彼女の腹から、真っ赤な血が、溢れるように出てきた。
悲鳴をあげ、痛みで暴れる目の前の女の子。何を言ってるのかわからない。声が聞こえるけど、叫んでるけど、ボクには届かない。わからない。
「やめるわけねぇヌ!ボクらが今まで!どんな思いで倒されたか!傷つけられたか!殺されたか!」
爪を引き抜き、また腹に刺す。また引き抜き、また刺す。繰り返す度、真っ赤な血が出て、ヌイヌを染める。
憎い。殺したい。
「…ヌイヌ、もうやめや。死んどる。」
「…!」
我に返る。目の前は、真っ赤に染まって落ちている少女だったモノ。
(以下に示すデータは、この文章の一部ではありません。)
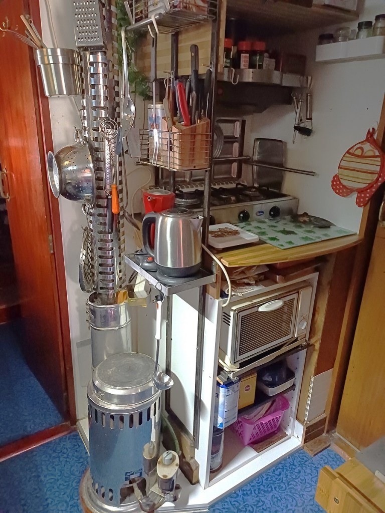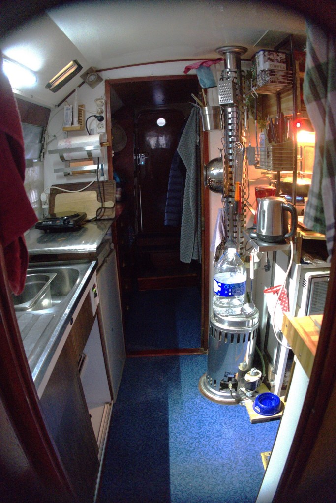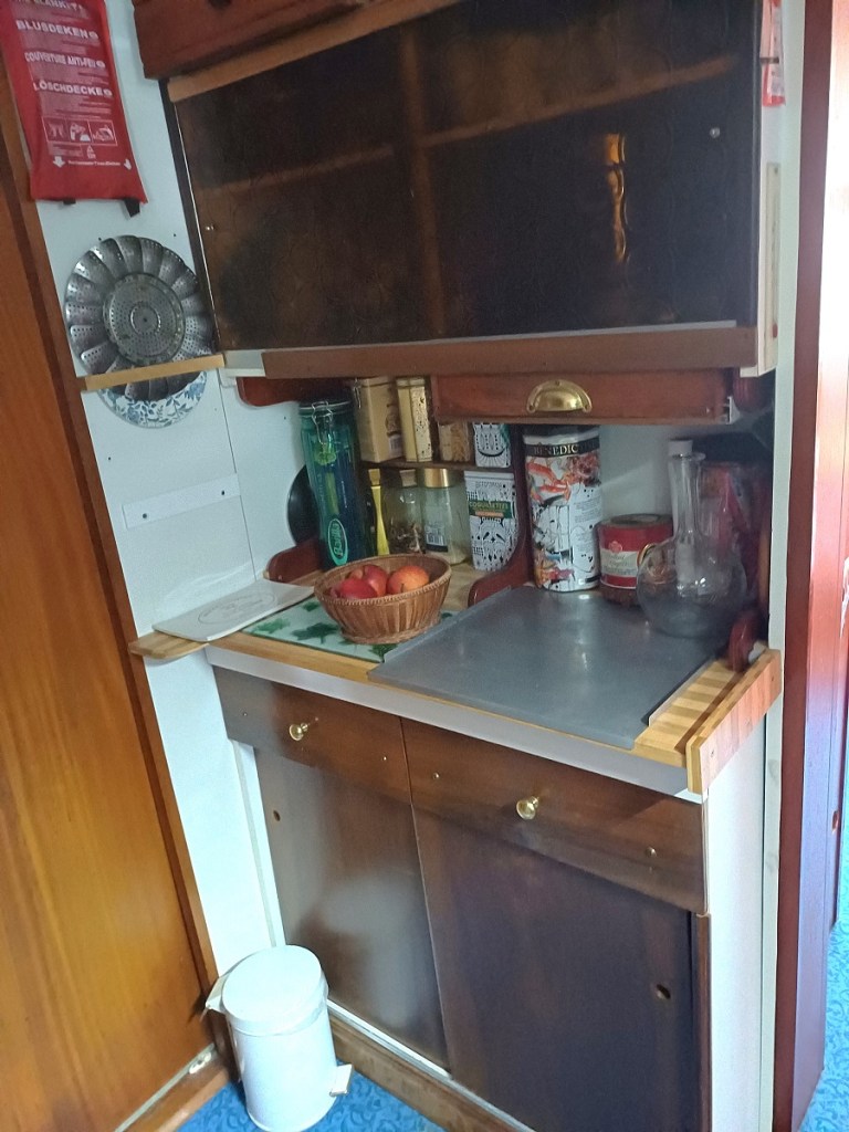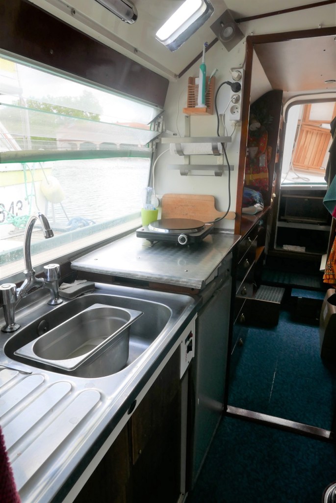Cuisine équipée / Equipped kitchen: Four a gaz avec gazinière 4 feux, micro onde , 2 frigo/freezer Waeco, hauteur sous barrot 1.81m

魔法少女だったモノ。憎くて、恨めしくて、殺したくてしかたなかったモノ。
「ボク…ボク…。」
「ふくしゅー、かんりょーだね。」
「今日はもう撤退するで。これ以上はヌイヌに毒や。」
真っ赤なモノを置いて、魔物達は撤退した。
翌日、魔法少女達に激震が走った。
魔物に魔法少女が殺された。それは今まで有り得ない話であり、あってはいけない話だった。
その日、魔物は本物の“悪”になった。